В стойле Арс-Пегаса
№ 2012 / 47, 23.02.2015
Поэзия – не более чем тип коммуникации. Многих обидит такое определение, однако именно лихие верлибрические девяностые наводят на такую дефиницию.
Поэзия – не более чем тип коммуникации. Многих обидит такое определение, однако именно лихие верлибрические девяностые наводят на такую дефиницию. Размножение поэтических групп и направлений путём деления, яростное отталкивание друг от друга, а по сути не художественная, но социальная энтропия – всё это и привело к исчезновению поэзии вообще с горизонтов жизни общества. Я уж не говорю об авангарде этой жизни – ибо тогдашний, да и нынешний, приодевшийся в государственность класс-гегемон не нуждался в поэтических глашатаях, в отличие от пролетариата, взявшего власть в начале ХХ века. Впрочем, не лишим же мы, оборванцы, элиту её заслуженных выдвиженцев в область лирическую: вот Чубкина, к примеру, с «делом Оборонсервиса» вместе всплывшая. Или кремлёвская спичрайтерша Поллыева с её гладковыбритой змеёй из песни – что прятать-то? Всё известно. Ничего новее и пафоснее, чем «моя свеча зажглася» Чубкиной, у путинского «политического класса» (выдумавший это словосочетание – тоже поэт) нет.
Арс |
Я прекрасно помню атмосферу, зависавшую над сидящими в «Авторнике» Кузьмина – человечками этак десятью… Начитанные, в общем, люди – но каждый в своих мирах. Вакуум меж ними. И выступающий поэт только усложнял коммуникацию. Помню, лишь пришлый, крымский Игорь Сид, как-то случайно заговорив после очередных чтений, наметил хоть какие-то общие ориентиры (кто-то, чуть ли не пелевинский пророк Курицын, вздумал делить поэтов на московских и питерских). Леонид Губанов и его как бы двойник (как казалось тогда живому ещё поэту и переводчику Андрею Сергееву, московскому гостеприимцу Бродского) Станислав Красовицкий и многие другие – достались нам, а из питерских только холодные Рейн, Бродский и другие протекли мимо. Но, господа товарищи, если уж поэзия дошла до такой ручки, что иного принципа классификации, кроме территориального не осталось, – лучше за эту ручку дверь прикрыть. Чтоб не дуло…

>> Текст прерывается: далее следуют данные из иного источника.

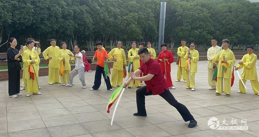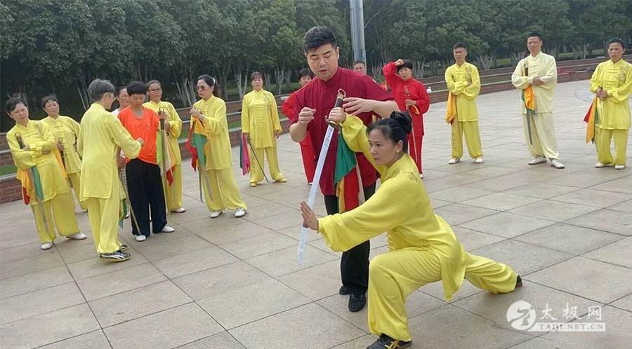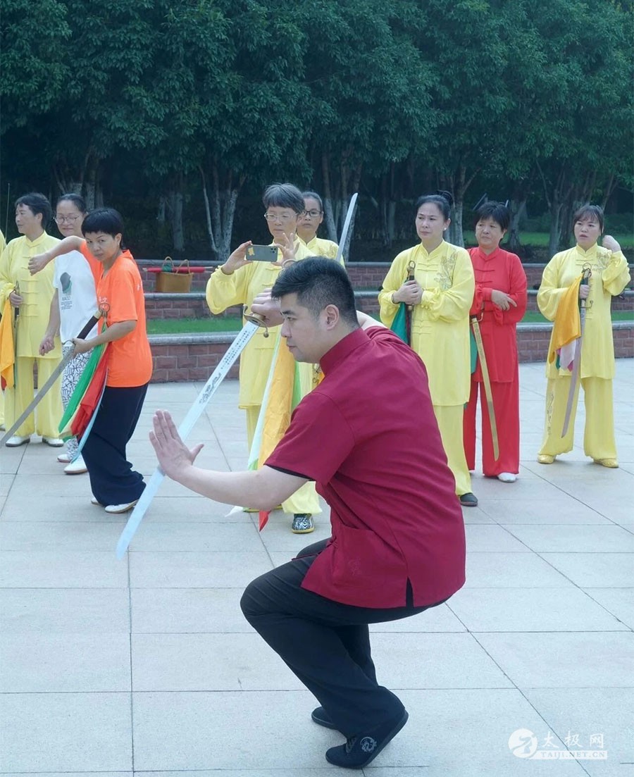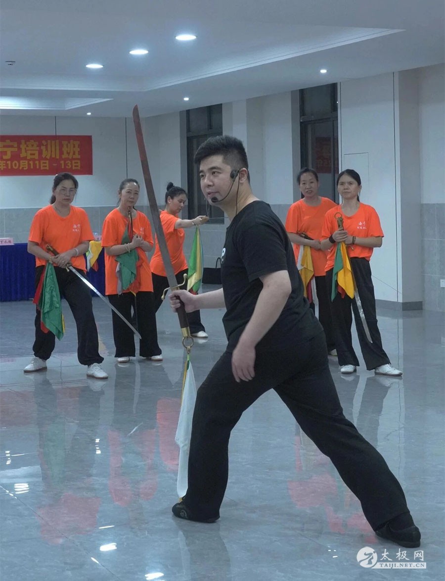 巡刀过程中,丁老师穿梭在学员之间,针对行刀细节及时点拨,其一举一动间,都传递出对学员学好太极刀的殷切期望。

Аподиктическая, безусловная толерантность сквозила в литературных средах невнимательностью, боязнью чужой талантливости, пустотой – именно той, что была вполне предсказуема уже тогда, когда под занавес перестройки полетели все помидоры взаимной ненависти сперва фракций ещё правящих коммунистов, затем целых республик, спешно возрождающих государственные языки… Вавилонская башня… Распадался вековой настрой (культура взаимопонимания) – и название кузьминского журнала имело глубоко политический смысл-то, если кто не понял этого в начале девяностых. И тем не менее маленькими, партизанскими группками, в нескольких горстях, иногда сопряжённых – москвичи (и не только: вот и Дарью Суховей к нам заносило северными ветрами) перетаскивали среду коммуникации: имена поэтов, создававшие и почву для взаимопонимания (увы, кладбищенскую), и ориентиры крутизны задававшие. Помню, бродили с Данилой Давыдовым в его краях, на Красносельской, хвалили Губанова и планировали встретиться в грядущем веке на баррикадах, в самоуправляющихся анархокоммунах… А ведь так оно почти и вышло.

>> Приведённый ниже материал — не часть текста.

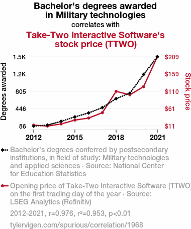 bachelor's degrees, military technologies, applied sciences, stock market, Take-Two Interactive Software, correlation coefficient, statistical analysis, National Center for Education Statistics, LSEG Analytics, Refinitiv, education and financial markets, unconventional correlations

Пустоту, однако же, предстояло проорать. И каждый пытался это сделать в меру таланта – иногда подыскивая сугубо политическую опору, как я. Ведь это среда коммуникации беспроигрышная, но и тут есть минусы – не важен стиль, не ценят стиль тут, а он был сложный у меня, уже с историей, с развитием и критикой тогдашних классиков девяностых, идолов околокузьминского верлибра… Впрочем, верно и то, что на собраниях Союза коммунистической молодёжи тогда собиралось больше и моложе, чем в изгнавших меня «Авторниках», – там, в Ленинском райкоме КПРФ на Остоженке и прошла презентация второй моей книги стихов и поэм «Револ материал поэмы Дом» 2000-го года издания.
Кедреновский |
Нулевые благополучно катились к финалу, как вдруг возник Арс-Пегас. Буквально впрыгнул на сцену и конкретно в моё зрительное поле: дело было морозной зимой 2009-го, на презентации дебютного альбома «Солнца Лауры». Орал со сцены лирику – спрятав доверчивые очи поэта под летовские «слепые» очки. Именно тогда я понял, до чего довели бездыханные, чахлые врелибристы поэзию… Не политический эпатаж, не брутальную матерщину (в этом жанре тоже скапливались многие), но именно лирику, свои транспортные созерцания, признания в любви к незнакомкам – приходится надсадно орать. Потому что иначе не услышат. Всё это казалось комедиантством поначалу. Но это было продолжение, а не начало.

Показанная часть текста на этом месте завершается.